Last week I posted about a ESP that had a misconfiguration in their Ironport A60s that let spammers use the A60s to relay email to AOL. Earlier this week, Pat Peterson from Ironport approached me to talk about the problem and clarify what happened.
Ironport has provided me with the following explanation.
As part of a normal implementation a customer has a number of options they can choose from to setup their system. How they handle messages on both their public and private interfaces can be easily configured based on the needs of their business. IronPort has made sure that customers have the capability they require to configure their systems appropriately. As with most products and services, proper usage is require for desired results.
In this case a configuration that is appropriate for some environments was viewed as a vulnerability because it was not appropriate for this specific environment. Customers are warned about not configuring their systems to allow unauthorized domains to relay mail. There are legitimate reasons why someone would want to allow external hosts to send mail through their IronPort, and functionality exists that allows customers to configure their systems to do that.
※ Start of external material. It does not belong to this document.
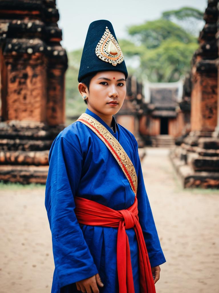 Ayutthaya costume, solo, jewelry, red sash, blue robe, earrings, standing, hat, sash, long sleeves, blurry background, blurry, 1boy, crown, looking at viewer
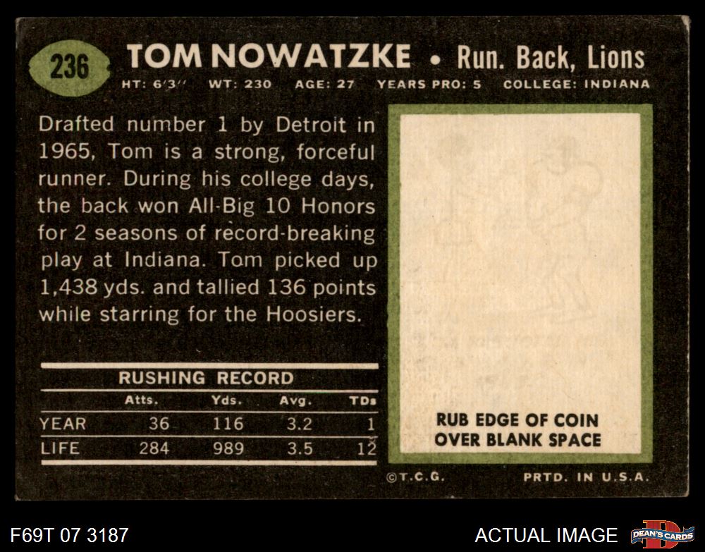 1969 Topps #236 Tom Nowatzke 4 - VG/EX

It should be noted that allowing any external host to relay mail through the appliance is neither encouraged nor recommended by IronPort.
In fact, the user documentation and CLI both clearly warn customers about the risk of allowing external hosts to relay mail through their IronPort.
Our customers are specifically warned during setup not to configure their systems to allow “any host to relay mail through your server.” If someone purposely ignores these warnings and instead chooses to setup their IronPort to allow unknown domains to relay mail they can make themselves appear as an open relay, but that’s certainly not how the system was designed or intended to be used.
There is a broader message here. Anyone using any MTA needs to understand the configuration options as presented and make sure that the configuration does not allow unauthorized relay. In this case it was an Ironport MTA, but it could happen to any other MTA out there. Everyone should test their MTA after any configuration change to verify that it will not function as an open relay.